The following article is a reprint from the 1952 Yearbook of Adams High School. The first record of any effort to establish a high school in Adams appears in an article in a warrant for a town meeting September 30,1850, "to see whether the town will establish one or more free high schools in said town."

SCHOOL NOTICE

The FREE HIGH SCHOOL at the South Village of Adams will commence its first session on Monday next, the 2nd of December, under the instruction of Daniel B. Briggs, Esq. This school like that at the North Village is established "for the inhabitants of the town" and will be open to all such as are of suitable age and qualifications.

Adams, November 26, 1850, R. Crawford, Sec. of Sch. Com. 

Weekly Transcript November, 1850

It was voted to maintain a high school at both the North and South villages, each to be kept 26 weeks each year in suitable places rented for the purpose. 

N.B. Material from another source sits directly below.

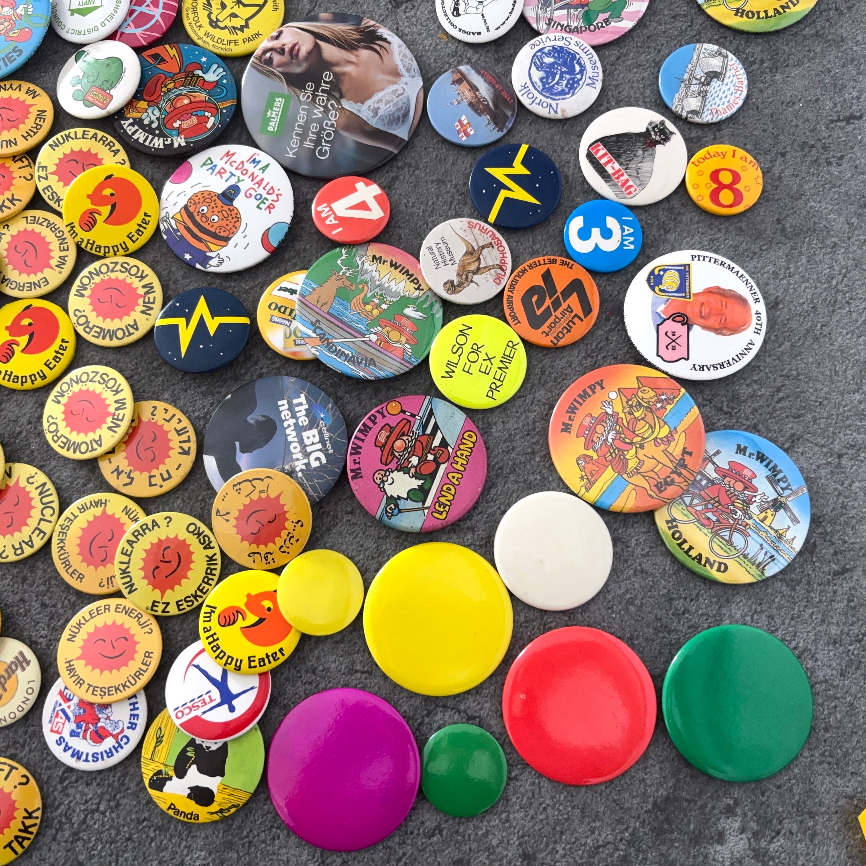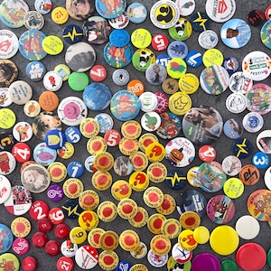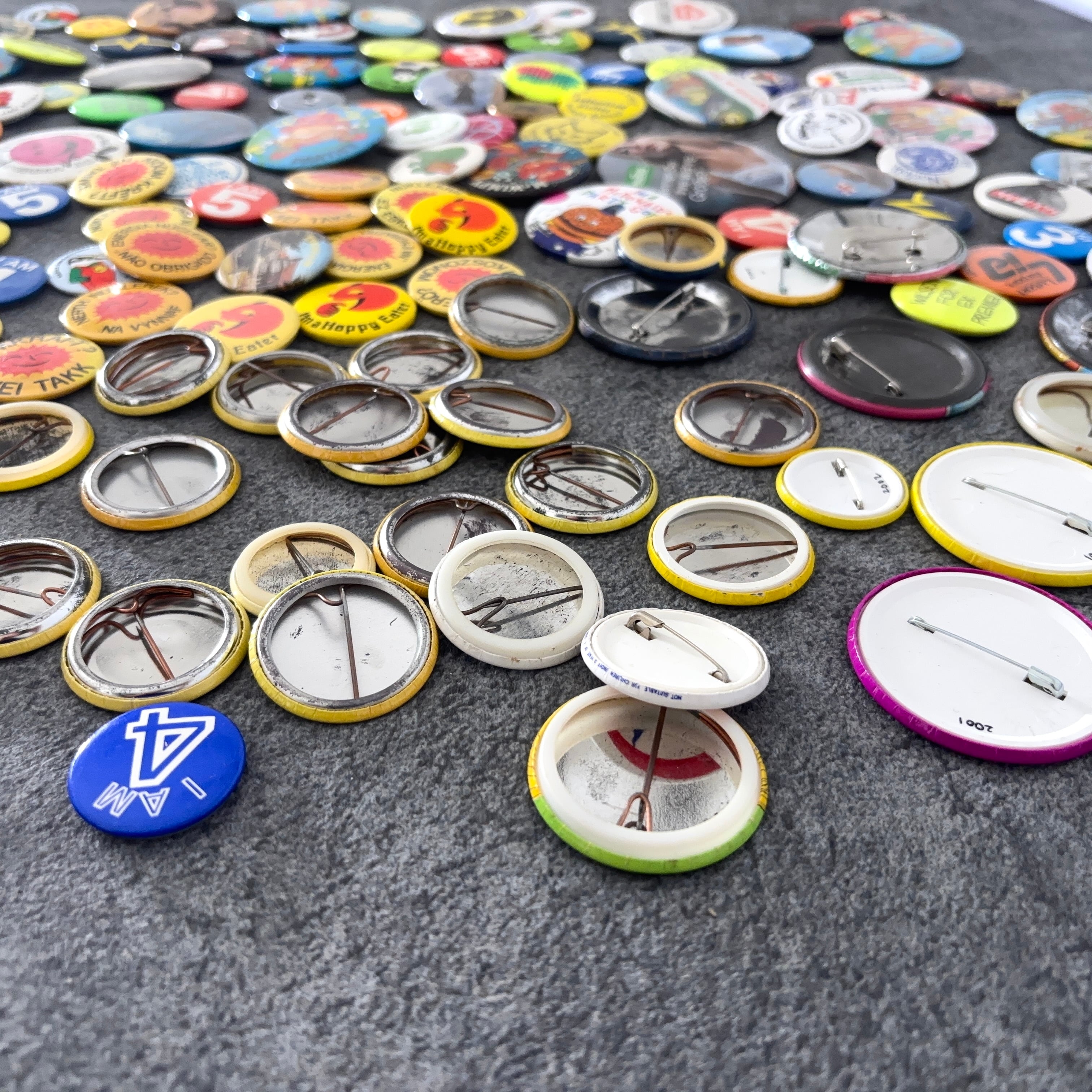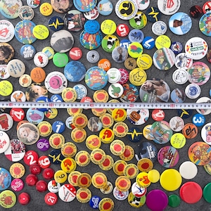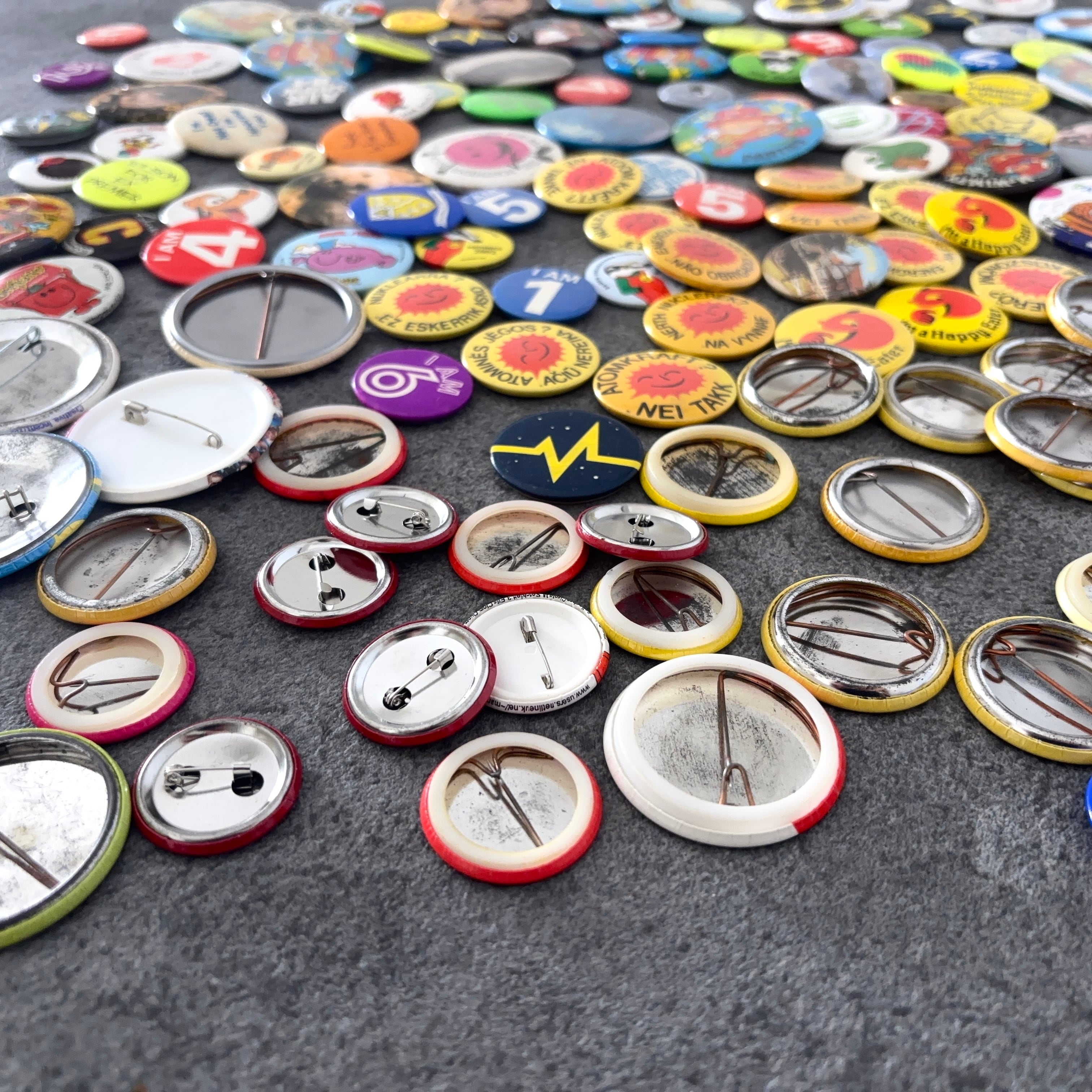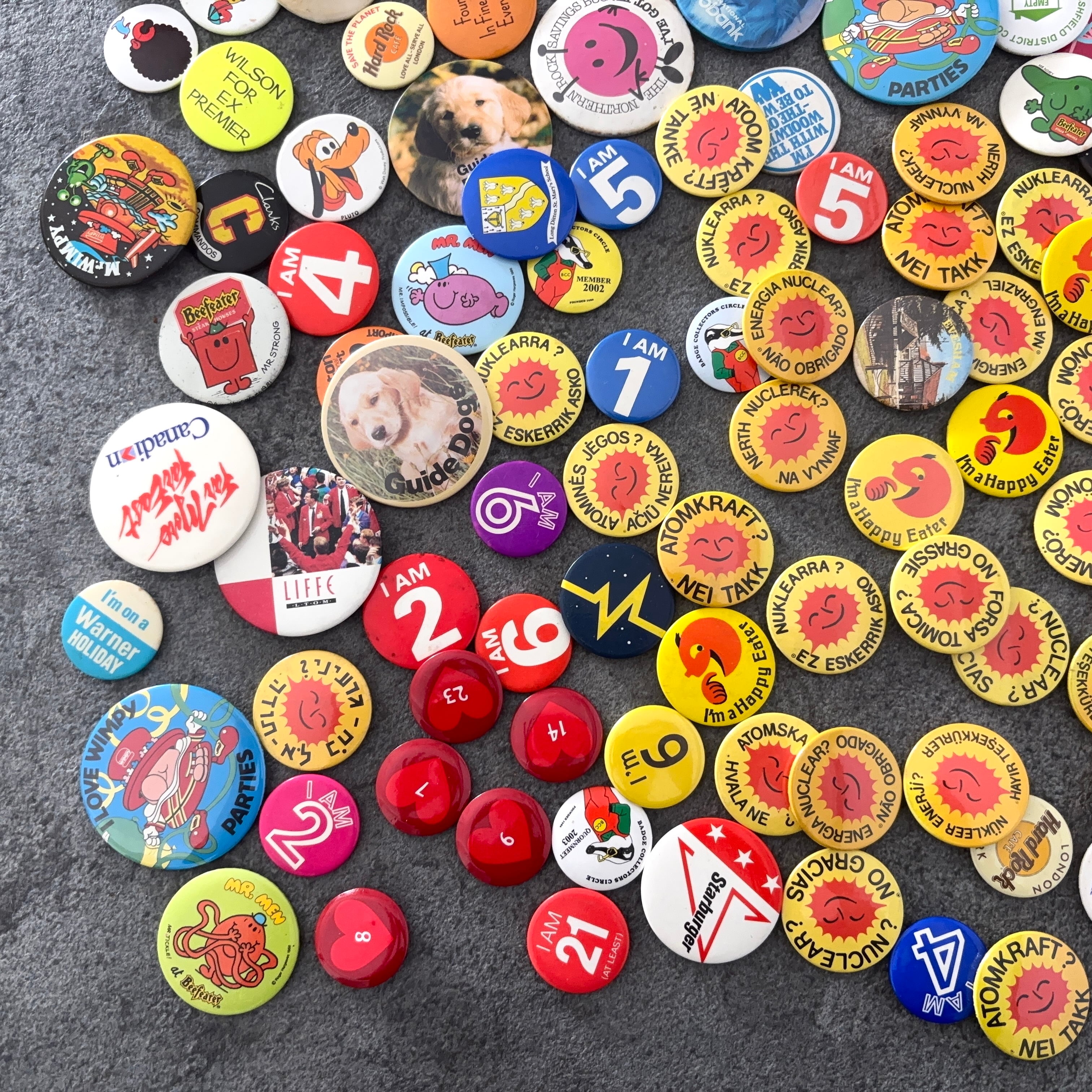 ヴィンテージの缶バッジ171個セットとなります。

In the winter of 1850-51 the South Adams school was established in the vestry of the Congregational Church, located where Woolworth's now stands, later moved and used as St. Charles Catholic Church, it now constitutes the rear section of the A.H. Simmons furniture store on Park Street. Daniel B. Briggs, a native of Adams, was the first teacher. He was elected to the school committee the following spring and in this capacity played an important part in selecting the students and arranging the program of studies. B.F. Phillips in 1852, the year of his graduation from Williams College, became the second teacher of the high school. He retained the position but for two terms, however. For a few years he formed a small private school of his own, then turned his hand to manufacturing cassimere cloth. He later built a mill for this purpose which still stands in the Maple Grove section. Until the opening of South Adams Academy nineteen years later, eighteen successive teachers, all men, undertook the task of teaching the High School. The subjects established by state law were Latin, Greek, History, algebra, surveying, geometry, bookkeeping, physiology, rhetoric and logic. Scholars were extremely irregular in attendance. On days when farm tasks were not too pressing, they came to school but were not always prepared to recite. Desks were arranged around three sides of the room. The scholars sat facing the wall. Since they were required to furnish their own chairs, pupils sometimes brought rocking chairs to school and often napped while the teacher was hearing the recitation of another form. A wood stove in the middle of the room constituted the heating apparatus. Final examinations, which were conducted by the school committee, extended over a three day period and were open to the public. They were intended primarily to convince reluctant taxpayers that their money was not being wasted. From the Congregational vestry the High School moved to the vestry of the newly-built Baptist Church, then to a hall over the store of D.J. Dean, located in a building just south of the Greylock Hotel on Center Street. In 1856 it was moved again, this time to the vestry of the Methodist Church, now Buster's Filling Station (currently the bottle redemption store) on Commercial Street, and from the latter place to the new Academy building.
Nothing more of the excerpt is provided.